ケニアで起業してみて思うこと

こんにちは、ケニアの玉ねぎおじさん河野です。

 

今回は起業してみた雑感を書いてみようと思います。

僕はケニアはナイロビで昨年2月から移住し、同年5月に会社設立をしました。

事業内容は「青果の卸売業」でそメインの顧客はいわゆる貧困層と呼ばれる方が多いストリートベンダーです。

正直に言うと彼/彼女らとの交渉は非常にタフです。

毎日買ってる人でも毎日クレームを言ってきます(笑)。

「この玉ねぎはクオリティがダメだ」

「この玉ねぎは高すぎる」

と言いながら買って帰ります(笑)。

 

最初は戸惑いましたが、これが彼/彼女らの交渉方法なんですよね。

カスタマーの声を聞きすぎても良いサービスができないってのはこういうこともあるんだなと思いました。初期は農家、卸売市場、顧客の声とヒアリングを通してマーケットプライスを理解することができました。

 

当初はこのサービスで顧客は幸せになっているんだろうかと不安になることも多かったですが、既存の市場構造を知り、競合を知ることで僕らが何をやらなければならないか、また、どうすればより顧客を幸せにすることができるのかの手応えを大きく感じております。

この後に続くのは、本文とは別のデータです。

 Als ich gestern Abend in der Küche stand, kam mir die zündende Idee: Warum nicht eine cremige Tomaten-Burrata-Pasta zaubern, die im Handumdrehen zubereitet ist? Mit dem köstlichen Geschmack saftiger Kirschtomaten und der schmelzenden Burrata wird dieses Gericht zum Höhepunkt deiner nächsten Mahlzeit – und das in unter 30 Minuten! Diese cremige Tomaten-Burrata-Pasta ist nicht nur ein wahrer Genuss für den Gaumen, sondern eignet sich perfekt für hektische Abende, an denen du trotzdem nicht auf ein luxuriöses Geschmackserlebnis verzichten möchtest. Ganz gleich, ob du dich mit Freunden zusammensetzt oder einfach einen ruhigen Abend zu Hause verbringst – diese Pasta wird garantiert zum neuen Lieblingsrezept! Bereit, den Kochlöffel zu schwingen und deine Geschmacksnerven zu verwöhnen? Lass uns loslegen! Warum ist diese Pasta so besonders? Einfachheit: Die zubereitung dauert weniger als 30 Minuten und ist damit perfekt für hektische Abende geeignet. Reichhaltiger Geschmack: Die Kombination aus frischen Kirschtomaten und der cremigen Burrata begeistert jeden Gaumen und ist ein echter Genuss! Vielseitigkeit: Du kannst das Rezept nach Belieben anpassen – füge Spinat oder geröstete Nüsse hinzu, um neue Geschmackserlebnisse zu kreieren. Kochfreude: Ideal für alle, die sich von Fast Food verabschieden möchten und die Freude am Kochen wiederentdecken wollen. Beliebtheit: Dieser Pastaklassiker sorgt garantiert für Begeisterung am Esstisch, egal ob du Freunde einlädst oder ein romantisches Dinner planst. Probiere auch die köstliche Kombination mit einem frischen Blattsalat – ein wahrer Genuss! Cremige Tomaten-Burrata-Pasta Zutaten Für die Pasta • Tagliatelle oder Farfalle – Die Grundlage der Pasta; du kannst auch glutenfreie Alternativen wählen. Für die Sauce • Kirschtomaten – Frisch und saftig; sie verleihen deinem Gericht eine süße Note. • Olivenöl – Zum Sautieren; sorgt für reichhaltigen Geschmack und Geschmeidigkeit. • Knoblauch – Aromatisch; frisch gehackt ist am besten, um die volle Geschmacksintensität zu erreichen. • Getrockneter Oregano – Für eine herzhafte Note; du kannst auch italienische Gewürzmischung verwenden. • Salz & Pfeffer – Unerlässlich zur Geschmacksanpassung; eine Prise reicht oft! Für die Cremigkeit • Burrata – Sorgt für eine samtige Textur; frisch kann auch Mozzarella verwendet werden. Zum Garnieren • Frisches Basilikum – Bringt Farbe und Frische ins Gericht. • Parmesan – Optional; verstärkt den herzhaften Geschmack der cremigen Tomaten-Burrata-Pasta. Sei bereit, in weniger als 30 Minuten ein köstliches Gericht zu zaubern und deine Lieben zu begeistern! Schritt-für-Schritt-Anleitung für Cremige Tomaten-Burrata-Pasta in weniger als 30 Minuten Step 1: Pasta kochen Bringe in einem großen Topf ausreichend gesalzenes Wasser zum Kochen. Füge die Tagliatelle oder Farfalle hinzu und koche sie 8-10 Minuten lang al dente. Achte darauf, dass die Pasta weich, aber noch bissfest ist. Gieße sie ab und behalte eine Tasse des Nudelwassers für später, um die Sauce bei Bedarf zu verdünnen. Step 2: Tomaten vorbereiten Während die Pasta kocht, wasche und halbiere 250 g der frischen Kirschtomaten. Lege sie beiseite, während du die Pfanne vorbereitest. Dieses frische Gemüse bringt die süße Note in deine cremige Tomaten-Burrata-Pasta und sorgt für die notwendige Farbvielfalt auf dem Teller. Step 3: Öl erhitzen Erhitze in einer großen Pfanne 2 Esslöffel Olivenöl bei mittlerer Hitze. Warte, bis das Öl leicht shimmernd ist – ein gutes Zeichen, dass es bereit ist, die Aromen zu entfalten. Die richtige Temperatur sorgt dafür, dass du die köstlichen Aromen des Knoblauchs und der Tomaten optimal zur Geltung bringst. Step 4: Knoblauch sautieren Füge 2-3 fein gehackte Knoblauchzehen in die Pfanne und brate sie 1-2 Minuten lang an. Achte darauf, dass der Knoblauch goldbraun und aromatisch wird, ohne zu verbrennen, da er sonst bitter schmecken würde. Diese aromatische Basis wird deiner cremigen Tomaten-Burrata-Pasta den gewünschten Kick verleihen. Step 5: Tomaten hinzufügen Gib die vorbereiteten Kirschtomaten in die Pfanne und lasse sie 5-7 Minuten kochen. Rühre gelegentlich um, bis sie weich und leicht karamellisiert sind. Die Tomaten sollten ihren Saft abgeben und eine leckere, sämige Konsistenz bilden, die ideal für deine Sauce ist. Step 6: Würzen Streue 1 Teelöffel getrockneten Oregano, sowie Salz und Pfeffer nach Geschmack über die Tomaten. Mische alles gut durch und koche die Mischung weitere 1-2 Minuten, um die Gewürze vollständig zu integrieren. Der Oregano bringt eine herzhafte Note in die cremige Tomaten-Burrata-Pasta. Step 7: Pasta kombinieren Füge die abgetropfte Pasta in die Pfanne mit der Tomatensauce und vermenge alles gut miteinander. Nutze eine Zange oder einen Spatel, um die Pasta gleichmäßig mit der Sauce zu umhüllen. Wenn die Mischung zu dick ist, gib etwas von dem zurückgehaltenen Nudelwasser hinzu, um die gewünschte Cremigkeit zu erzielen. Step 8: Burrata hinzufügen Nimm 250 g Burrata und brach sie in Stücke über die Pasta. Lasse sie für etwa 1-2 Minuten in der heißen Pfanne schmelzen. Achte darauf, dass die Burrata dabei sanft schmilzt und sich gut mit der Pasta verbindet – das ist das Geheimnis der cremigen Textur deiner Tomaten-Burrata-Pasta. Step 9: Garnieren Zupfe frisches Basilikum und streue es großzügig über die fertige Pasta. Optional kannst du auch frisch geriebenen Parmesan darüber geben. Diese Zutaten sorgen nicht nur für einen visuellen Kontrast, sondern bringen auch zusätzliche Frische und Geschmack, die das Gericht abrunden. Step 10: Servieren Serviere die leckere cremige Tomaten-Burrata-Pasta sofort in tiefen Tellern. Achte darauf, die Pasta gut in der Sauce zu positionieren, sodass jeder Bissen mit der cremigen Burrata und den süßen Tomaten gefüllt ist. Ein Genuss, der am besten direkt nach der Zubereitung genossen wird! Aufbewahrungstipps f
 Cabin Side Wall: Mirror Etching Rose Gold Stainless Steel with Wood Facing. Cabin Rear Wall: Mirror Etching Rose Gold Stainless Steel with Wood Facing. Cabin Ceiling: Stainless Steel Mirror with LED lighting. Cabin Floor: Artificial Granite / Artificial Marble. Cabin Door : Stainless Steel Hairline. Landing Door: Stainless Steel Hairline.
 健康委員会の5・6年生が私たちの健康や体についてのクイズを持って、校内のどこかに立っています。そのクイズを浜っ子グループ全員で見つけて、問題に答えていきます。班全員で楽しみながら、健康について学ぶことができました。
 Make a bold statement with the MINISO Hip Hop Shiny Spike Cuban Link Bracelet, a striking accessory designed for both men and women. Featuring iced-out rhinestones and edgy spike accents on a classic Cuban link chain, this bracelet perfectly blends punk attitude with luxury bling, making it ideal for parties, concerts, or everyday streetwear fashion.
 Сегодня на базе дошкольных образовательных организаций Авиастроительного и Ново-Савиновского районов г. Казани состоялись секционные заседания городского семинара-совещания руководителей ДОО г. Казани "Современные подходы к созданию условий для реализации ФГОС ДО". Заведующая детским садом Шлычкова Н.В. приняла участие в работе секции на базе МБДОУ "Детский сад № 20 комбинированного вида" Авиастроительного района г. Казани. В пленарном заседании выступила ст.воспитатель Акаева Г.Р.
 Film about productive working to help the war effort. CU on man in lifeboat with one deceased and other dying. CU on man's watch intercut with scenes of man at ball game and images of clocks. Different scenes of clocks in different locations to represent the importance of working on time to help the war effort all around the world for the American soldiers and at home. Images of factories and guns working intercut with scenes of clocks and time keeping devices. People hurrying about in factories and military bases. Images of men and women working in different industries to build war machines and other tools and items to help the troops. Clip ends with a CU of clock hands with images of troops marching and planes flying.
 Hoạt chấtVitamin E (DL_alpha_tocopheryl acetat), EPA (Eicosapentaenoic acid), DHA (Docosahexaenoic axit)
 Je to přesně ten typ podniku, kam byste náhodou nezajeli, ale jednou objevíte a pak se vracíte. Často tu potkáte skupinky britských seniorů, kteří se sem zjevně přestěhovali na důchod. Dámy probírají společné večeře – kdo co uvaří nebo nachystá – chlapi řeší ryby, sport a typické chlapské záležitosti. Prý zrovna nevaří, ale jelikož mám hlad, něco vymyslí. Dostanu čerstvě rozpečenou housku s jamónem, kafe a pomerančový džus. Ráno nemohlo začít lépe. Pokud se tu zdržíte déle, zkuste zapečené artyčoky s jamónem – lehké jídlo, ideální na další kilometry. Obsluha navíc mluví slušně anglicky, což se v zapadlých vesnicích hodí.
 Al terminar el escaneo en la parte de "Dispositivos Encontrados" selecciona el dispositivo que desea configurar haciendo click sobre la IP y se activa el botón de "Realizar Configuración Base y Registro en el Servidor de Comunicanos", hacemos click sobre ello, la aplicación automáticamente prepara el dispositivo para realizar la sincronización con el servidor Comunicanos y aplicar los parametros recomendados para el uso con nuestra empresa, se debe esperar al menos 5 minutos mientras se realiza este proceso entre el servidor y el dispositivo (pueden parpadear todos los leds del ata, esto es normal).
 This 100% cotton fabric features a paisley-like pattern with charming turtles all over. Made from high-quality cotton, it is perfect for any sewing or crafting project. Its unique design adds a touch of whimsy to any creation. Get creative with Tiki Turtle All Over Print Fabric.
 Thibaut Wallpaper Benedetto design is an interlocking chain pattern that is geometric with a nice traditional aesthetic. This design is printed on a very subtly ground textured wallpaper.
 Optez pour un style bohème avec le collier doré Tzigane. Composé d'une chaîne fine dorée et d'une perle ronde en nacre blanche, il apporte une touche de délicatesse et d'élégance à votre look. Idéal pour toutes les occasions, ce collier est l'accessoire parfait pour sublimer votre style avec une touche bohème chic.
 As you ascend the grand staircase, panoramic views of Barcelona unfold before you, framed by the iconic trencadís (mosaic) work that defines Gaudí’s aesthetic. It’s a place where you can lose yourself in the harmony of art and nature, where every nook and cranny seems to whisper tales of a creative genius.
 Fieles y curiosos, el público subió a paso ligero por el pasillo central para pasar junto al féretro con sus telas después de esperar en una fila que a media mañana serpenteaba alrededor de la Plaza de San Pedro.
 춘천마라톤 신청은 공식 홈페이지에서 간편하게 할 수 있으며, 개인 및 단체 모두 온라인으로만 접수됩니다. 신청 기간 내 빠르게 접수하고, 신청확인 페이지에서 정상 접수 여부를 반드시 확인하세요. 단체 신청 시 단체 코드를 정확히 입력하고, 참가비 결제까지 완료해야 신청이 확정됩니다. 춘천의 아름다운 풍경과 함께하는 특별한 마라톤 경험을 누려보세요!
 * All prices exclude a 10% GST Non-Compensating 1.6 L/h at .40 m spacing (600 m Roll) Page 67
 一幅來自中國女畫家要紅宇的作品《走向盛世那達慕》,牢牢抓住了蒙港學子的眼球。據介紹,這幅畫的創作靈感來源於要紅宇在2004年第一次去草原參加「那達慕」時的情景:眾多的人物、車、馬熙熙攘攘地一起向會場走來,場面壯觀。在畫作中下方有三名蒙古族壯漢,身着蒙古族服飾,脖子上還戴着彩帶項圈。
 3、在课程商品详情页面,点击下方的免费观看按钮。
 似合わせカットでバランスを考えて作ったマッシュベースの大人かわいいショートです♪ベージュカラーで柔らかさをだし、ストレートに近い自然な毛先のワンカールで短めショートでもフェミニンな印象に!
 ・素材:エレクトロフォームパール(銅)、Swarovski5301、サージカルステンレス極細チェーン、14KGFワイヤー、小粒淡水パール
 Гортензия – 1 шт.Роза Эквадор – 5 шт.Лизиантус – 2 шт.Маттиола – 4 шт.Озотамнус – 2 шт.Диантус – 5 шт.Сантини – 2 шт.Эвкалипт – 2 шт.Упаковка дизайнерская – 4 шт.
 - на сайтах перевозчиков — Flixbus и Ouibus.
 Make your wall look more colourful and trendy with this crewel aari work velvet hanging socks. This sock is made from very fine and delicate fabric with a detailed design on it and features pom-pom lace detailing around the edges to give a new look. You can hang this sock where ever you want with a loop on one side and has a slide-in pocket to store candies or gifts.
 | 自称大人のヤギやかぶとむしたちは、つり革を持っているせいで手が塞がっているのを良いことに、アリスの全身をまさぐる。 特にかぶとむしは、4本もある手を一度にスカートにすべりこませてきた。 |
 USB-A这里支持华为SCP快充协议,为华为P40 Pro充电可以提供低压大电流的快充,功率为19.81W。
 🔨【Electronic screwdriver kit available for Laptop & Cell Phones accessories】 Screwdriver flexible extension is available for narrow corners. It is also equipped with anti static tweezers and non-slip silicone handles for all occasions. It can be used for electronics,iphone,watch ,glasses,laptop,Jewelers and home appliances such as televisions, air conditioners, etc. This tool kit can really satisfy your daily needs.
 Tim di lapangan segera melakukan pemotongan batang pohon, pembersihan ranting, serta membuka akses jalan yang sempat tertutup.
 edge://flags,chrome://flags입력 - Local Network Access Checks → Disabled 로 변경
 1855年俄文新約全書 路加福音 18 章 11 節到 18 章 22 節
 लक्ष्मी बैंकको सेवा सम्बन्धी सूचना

このアフリカというマーケットは精緻な情報や統計がそもそも足りていないマーケットです。そこで新規事業やこれから事業を立ち上げる際に非常に重要だと思っていることが経験学習の量とスピードです。机上であれこれ考えるよりもrowデータを自分の足で取りに行く、ライトパーソンにたどり着く、信頼できるパートナーを見つけることが非常に重要だと思っています。

 

そのため、我々も新規事業を行なっていきますが、今後の全てのサービスは「農産業」に絞っています。なぜなら本事業で行なっている知見や顧客のデータベースを活かせる可能性が高いからです。このようにして、今までの地道な積み重ねを蓄積していくことで、将来的に大資本の競合の参入や、外的要因の大きな変化にも耐えうる強固な組織やサービスを作っていけると確信しています。

 

これからの道のりは長く、気が遠くなりますが、千里の道も一歩からと言いますので、今日という日を何よりも大切にして一歩一歩積み重ねていきたいと思います。